In dit hoofdstuk worden de belangrijkste zintuig- en communicatiestoornissen bij 65-plussers besproken. Als deze niet door een hulpmiddel opgevangen kunnen worden, leiden ze tot handicaps met storing in het maatschappelijk functioneren.
Slechtziendheid door presbyopie komt veel voor, maar is gemakkelijk met een bril te verhelpen. Staar vergt een operatie, waarbij de lens meestal wordt vervangen door een kunstlens.
Glaucoom is vaak het gevolg van een verhoogde oogboldruk, en kent verschillende vormen. De afwijking uit zich soms acuut maar vaker sluipend, waardoor ze pas ontdekt wordt als het netvlies al blijvende schade heeft opgelopen. Dikwijls is medicamenteuze behandeling voldoende, soms moet iridotomie plaatsvinden, vaak met laser.
Seniele maculadegeneratie kent een onbehandelbare droge vorm en een natte vorm die in het begin nog met laser behandelbaar is. Blindheid dreigt.
Diabetische retinopathie is ook een belangrijke oorzaak van blindheid en moet tijdig opgespoord worden zodat goede instelling van de diabetes, laserbehandeling en eventueel vitrectomie verergering kunnen voorkomen of vertragen.
Vasculaire oogaandoeningen kunnen acute visusdaling of inperking van het gezichtsveld geven. Bij reuscelarteriitis is direct prednisonbehandeling nodig.
Ectropion en entropion van de oogleden kunnen tranen en hoornvliesontsteking veroorzaken, en zijn met een eenvoudige ingreep te verhelpen.

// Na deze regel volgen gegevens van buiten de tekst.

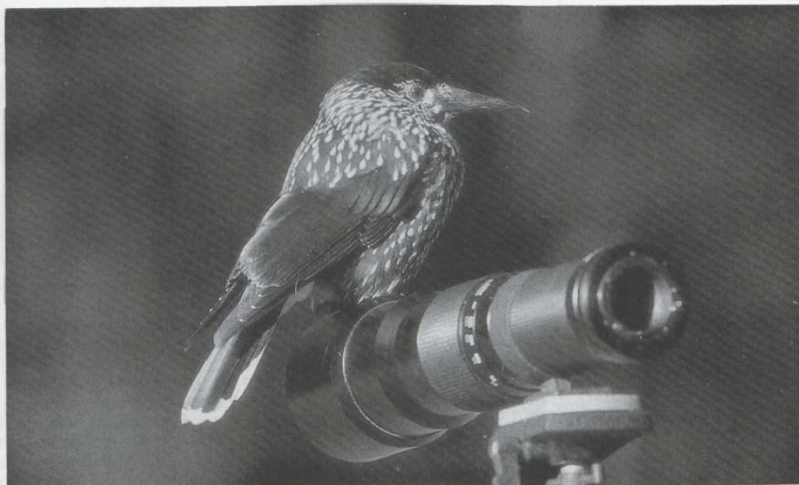
38 Notekraker Nucifraga caryocatactes , Katwijk, Zuidholland november 1985.

gevallen te Antwerpen, Gent Ovl, De Haan Wvl (vangst), Heusden Olv en Zeebrugge. Een late vogel werd op 16 november door een kat binnengebracht te Empel Nb. Er was een kleine influx van Taigaboomkruipers Certhia familiaris met waarnemingen op Texel op 8 en 10 oktober, te Ede Gld op 10 oktober (twee), op Schiermonnikoog op 16 oktober (twee vangsten), bij Bilthoven U op 20 oktober en te Maarn op 24 oktober (drie). Tot eind december zouden er twee op Schiermonnikoog aanwezig zijn geweest. Op 5 oktober werden op Ameland twee Buidelmezen Remiz pendulinus gezien. Bij Lier werden vanaf 25 september tot eind oktober in totaal 13 exemplaren waargenomen. Voorts waren er op 30 september drie bij Bloklersdijk en op 27 november nog één bij Harchies. Buiten de gewone binnenlandswaarnemingen werden er langs de kust veel doortrekkende Klapeksters Lanius excubitor gezien. In de tweede decade van oktober zouden er in het Bargerveen meer dan 20 aanwezig zijn geweest. Van begin oktober tot begin december was er een

Bij ernstige, blijvende slechtziendheid zijn nog verscheidene hulpmiddelen mogelijk. Verder moeten maatregelen genomen worden om onder andere vallen te voorkomen.
Bij gehoorstoornissen moet eerst gekeken worden naar eventuele aanwezigheid van eenvoudig te verwijderen cerumenproppen.
Presbyacusis komt veel voor en kan vaak door een hoortoestel worden gecompenseerd, maar er is goede motivatie, individuele aanpassing en duidelijke bedieningsinstructie voor nodig.
De omgeving moet de beste manier van praten met de slechthorende leren. Verder zijn er allerlei technische hulpmiddelen als trilwekkers, licht- of trilsignalen voor telefoon, deurbel en alarmering. Oorsuizen kan objectief zijn en is dan soms te verhelpen, of subjectief, meestal bij een verslechterend gehoor. In het laatste geval is het soms acceptabel te maken door een hoortoestel (bijv. met ruismaskering).
Reukverlies is niet te verhelpen. Smaakverlies is vaak een gevolg van mondproblemen, ziekte of medicijngebruik.
Taal- en spraakstoornissen uiten zich vooral in afasie en dysartrie. Afasie kent receptieve, expressieve en gecombineerde vormen en berust op een hersenafwijking. Met logopedische behandeling tracht men de communicatie zo goed mogelijk te maken, en er is vaak gedeeltelijk of volledig spontaan herstel.
Bij de ook meestal vasculair veroorzaakte rechter hemisfeertaalstoornis gaat de zinsmelodie verloren en het voelen en herkennen van emotie.
Dysartrie berust op een neuromusculaire stoornis en kent verscheidene ondervormen. Logopedie kan bij een beginnende aandoening helpen de beste spraakmogelijkheden te vinden, maar vaak biedt de onderliggende ziekte verder weinig therapeutische mogelijkheden. Voorlichting en begeleiding van de patiënt en van de omgeving zijn belangrijk.